Neocons continue to screw Third World




Deforestation of African rainforests looks like this


Everybody's seen those guys standing on the freeway on-ramp with the handmade cardboard sign that says, "Will work for food," right? It seems that some Third World countries will also work for food - hell, that's putting it mildly; they're selling off their birthrights -- for a few bags of salt. It's downright biblical, and not a little creepy.

The UK Guardian is reporting on a breaking scandal involving Big Lumber:

John Vidal in Kisangani
Wednesday April 11, 2007
The Guardian

Vast tracts of the world's second-largest rainforest have been obtained by a small group of European and American industrial logging companies in return for minimal taxes and gifts of salt, sugar and tools, a two-year investigation will disclose today.

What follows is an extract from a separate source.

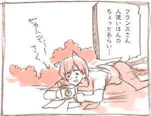 Пикардия пришёл к Франции посреди ночи после получения звонка с просьбой о помощи, хотя, как было показано, ему это не очень хотелось делать. Когда Франция затягивает объяснение, Пикардия не выдерживает и высказывает все свои мысли по этому поводу. Однако, когда Франция набрасывается на него, он смиренно отступает. Франция скидывает на него все обязанности Первого Апреля и надевает на него неко-ушки. В скетче, размещённом на Bamboo Thicket, Пикардия находится рядом с радостным Францией.

More than 150 contracts covering an area of rainforest nearly the size of the United Kingdom have been signed with 20 companies in the Democratic Republic of Congo over the past three years. Many are believed to have been illegally allocated in 2002 by a transition government emerging from a decade of civil wars and are in defiance of a World Bank moratorium.

[...]

According to the 100-page study, compiled by Greenpeace International working with Congolese ecological and human rights groups, if all the forests identified for logging are felled, it could "release" up to 34bn tonnes of carbon - nearly as much as Britain has emitted in 60 years.

To gain access to the forests for the next 25 years, the European companies have made agreements with village chiefs, offering bags of salt, machetes and bicycles, and in some cases promised to build rudimentary schools, the report states.

[...]

The report criticizes the World Bank for encouraging logging in Congo in the knowledge that corruption was rife. It refused to comment until the report has been published.
For those not in the know, Paul Wolfowitz (neocon architect of the Iraqi war) is now the president of the world bank. We all recall that one of his ambitions was to make Iraq into a "free-trade" zone (think unregulated corporate economic rape). Now that he's head of the World Bank, he's bringing necon-style economics to the third world, paying for goods in barter.

As for Wolfy's performance while not raping Third World countries, the Government Accountability Project broke the news that Wolfowitz’ girlfriend Shaha Ali Riza, who is also a Bank staffer, has received salary raises far in excess of World Bank rules and protocol.